[Bioperl-l] Packages retrieving online alignment sequences

Gregory Jordan greg at ebi.ac.uk
Sun Aug 8 02:12:41 EDT 2010

On 7 August 2010 23:07, Chris Fields <cjfields at illinois.edu> wrote:

> A simpler method could be introduced, but I can see that being potentially
> brittle in the long run.  A naked alphanumeric string doesn't reveal much
> about what it is at face value w/o knowing database/service-specific
> behavior.  And then we're reliant on that behavior not changing, which we
> can't guarantee (this has bitten us in the past).  What would one do if NCBI
> (for instance) allowed accessions derived completely of digits, or
> conversely a unique ID with mixed alphanumerics?
> Using methods specific for ID/acc at least guarantees a behavior on the
> backend w/o guessing, and if there is no danger of overlap (a service
> accepts either/or) one could simply be an alias of the other.

Thanks for the clarification on IDs vs accessions.

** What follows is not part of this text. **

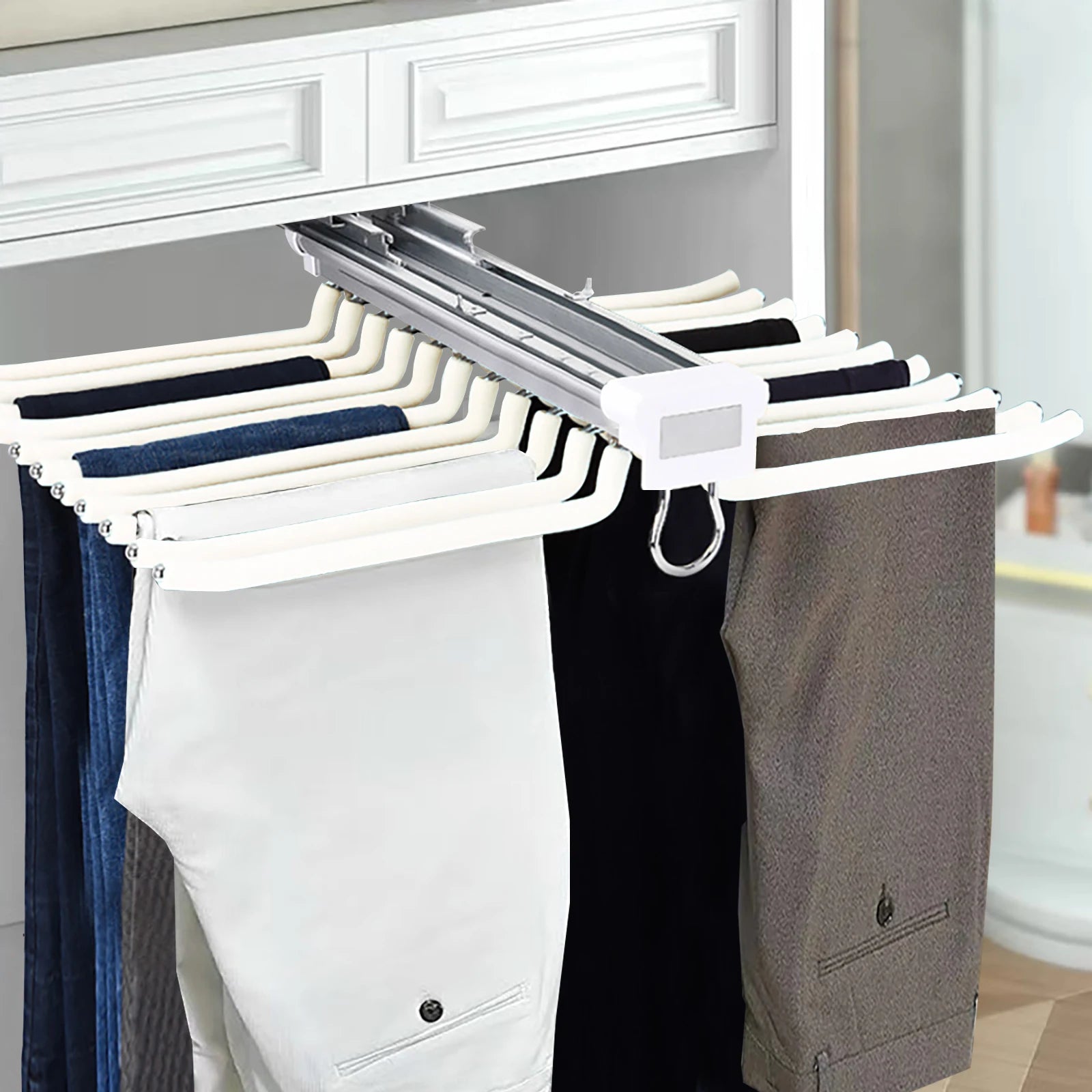Maximize your wardrobe storage with the Smart Slide-Out Rail Cloth Organizer. Designed to accommodate up to 22 pairs of trousers, this organizer is perfect for those seeking a tidy and efficient solution for their clothing. With its solid stainless steel poles and ABS base, it offers long-lasting durability and exceptional strength. The silent damping rail system ensures smooth and quiet operation, while the thickened body adds to its toughness and corrosion resistance.?

As long as the behavior
and distinction are well-documented, I'm sure it won't make too much of a

My main concern was just that having two similar methods -- with no clearly
laid out distinction between the two and one of them only supported by half
of the implementing subclasses -- might confuse potential users.

As a point of reference: both Rfam and Pfam allow either an ID or an
accession in their front-page search interface (http://www.pfam.org /
http://www.rfam.org/). In fact, they seem to entirely hide the distinction
between ID and Accession from the end user; nowhere on the Rfam page for an
individual result is it clear which string is the accession and which is the
ID (http://rfam.sanger.ac.uk/family/snoZ107_R87).

Thus, a potential user of the Rfam module wouldn't know whether to call the
get_by_ID or get_by_Accession method, even after looking at the Rfam page
for his / her desired alignment!

As you can probably tell, I'm all in favor of a unified search whenever
feasible / possible. :-)

> As for writing up an adaptor to ensembl outside of it's API, overall I
> don't think it's a bad idea, but if it's possible maybe start without
> reinventing things, then move to direct SQL.  Unless it's easier to use SQL.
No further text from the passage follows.